A low APR credit card could help you save money on purchases if you don’t always pay off your balance in full each month. Switching to a card with a lower interest rate could also help you pay off your debt faster.
The more of your balance you clear each month, the less you’ll pay in interest overall. The potential advantage of low interest cards is that if you do need to borrow for a while, you might pay less interest than you would on other cards. Over the long term, this could save you a substantial amount.
How does your credit record affect interest rates?
When applying for a low APR credit card, or any credit card/product, the card provider will look at your credit history to decide whether to approve or decline your application. The provider will assess your creditworthiness, including reviewing your credit history, looking at your income and outgoings, any existing or past debts and whether you were able to pay them off on time. If they decide to approve you for a credit card, this same information will then be used to calculate the interest rate you’ll be offered.
As a general rule, higher credit scores are rewarded with lower interest rates, while bad credit scores are charged higher interest rates. This is to offset any risk you may pose as a credit user if you weren’t in a position to repay the debt.
What’s the difference between interest and APR?
Many people use interest rate and APR to mean the same thing, but there is a difference that depends on the type of credit or borrowing. The interest rate is the figure used to calculate the cost of borrowing over a year, while the APR (annual percentage rate) includes the interest rate as well as any other fees tied to the credit or loan amount. So, if there are no extra fees, the interest rate and APR are essentially the same, but this isn’t always the case, so make sure you know which applies to you and the type of credit you’re applying for.
How are credit card interest rates calculated?
There are two ways that interest is calculated for credit cards:
- Daily balance method – the interest is calculated based on your outstanding balance at the end of each day during the statement period.
- Average daily balance method – the outstanding balance during the full statement period is averaged out between the number of days in that period. This is usually at the end of the month.
How can I avoid paying interest on a credit card?
The simplest way to avoid paying interest on your credit card is to pay off your balance in full each month.
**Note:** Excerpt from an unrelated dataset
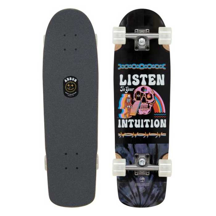 Certified Arbor Completes are fully assembled skateboards built using select, high-end components that complement the performance and geometry of each of our shapes. Each package takes into consideration: the angle, geometry, and size of the trucks; the size, shape, and diameter of the wheels, the hardness and rebound of the bushings; the placement of wheel wells; and all aspects of shape. When buying an Arbor, look for the symbol, and insist that your complete comes with components approved by Arbor Skateboards.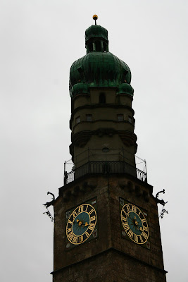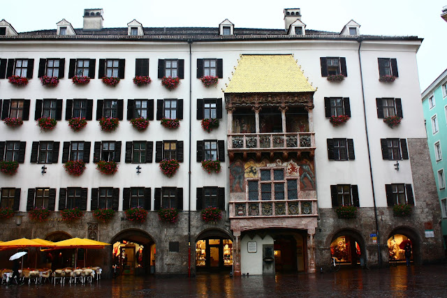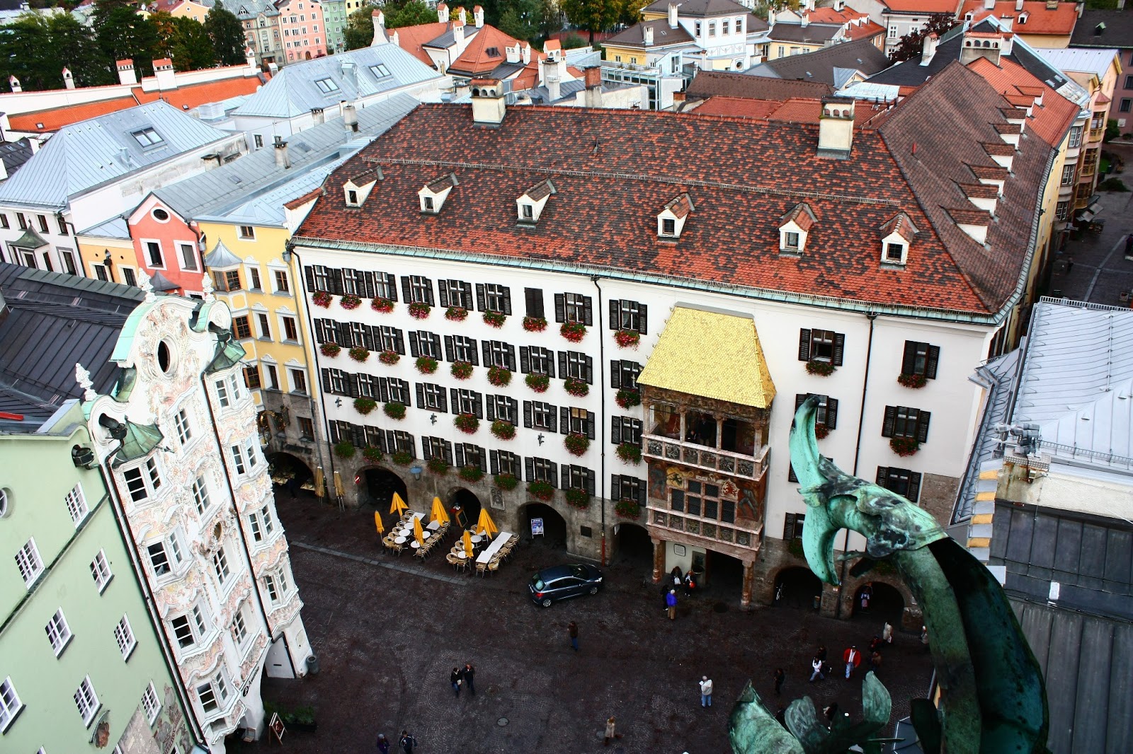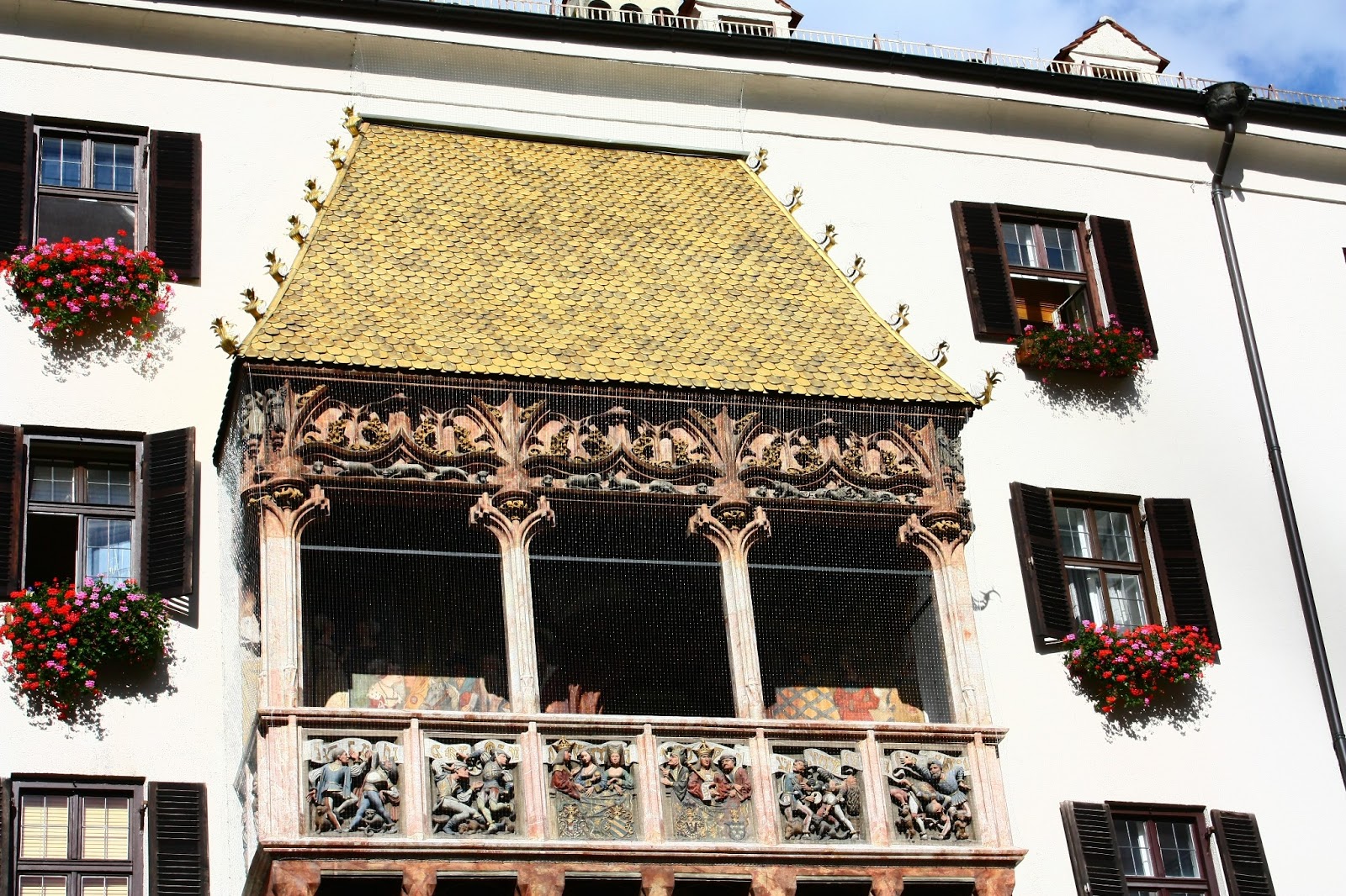 E a principal atração turística da cidade está bem ali, o chamado Golden Roof ou Telhadinho de Ouro, um conjunto de 3 sacadas do século XV, cobertas por um pequeno telhado formado por quase 3.000 ripas de cobre, que reluzem ao longe, principalmente em dias de sol! Foi construído pelo imperador Maximiliano I para abrigar os príncipes do estado do Tirol.

Whenever you’re thinking about buying something with your credit card, you should know when you’re realistically going to be able to pay it off. If you don’t think you’ll be able to pay it off that month, then you’ll need to prepare yourself for the interest costs tied to your credit card. If you can’t pay it off in full that month, paying off more than the minimum amount due each month is the fastest way to get back to paying no interest.
If you’ve got existing credit card debt and want to avoid paying interest on it, you could consider a 0% balance transfer card, which will transfer any debt onto another with a 0% interest rate. This could then allow you to manage your debt more effectively and pay it off sooner. Just be aware that the 0% interest rate is dependent on your application, is for a limited period and often comes with conditions that must be met to maintain that rate. Ideally, you should ensure the balance is paid before the 0% balance transfer period expires, or you’ll be paying interest again.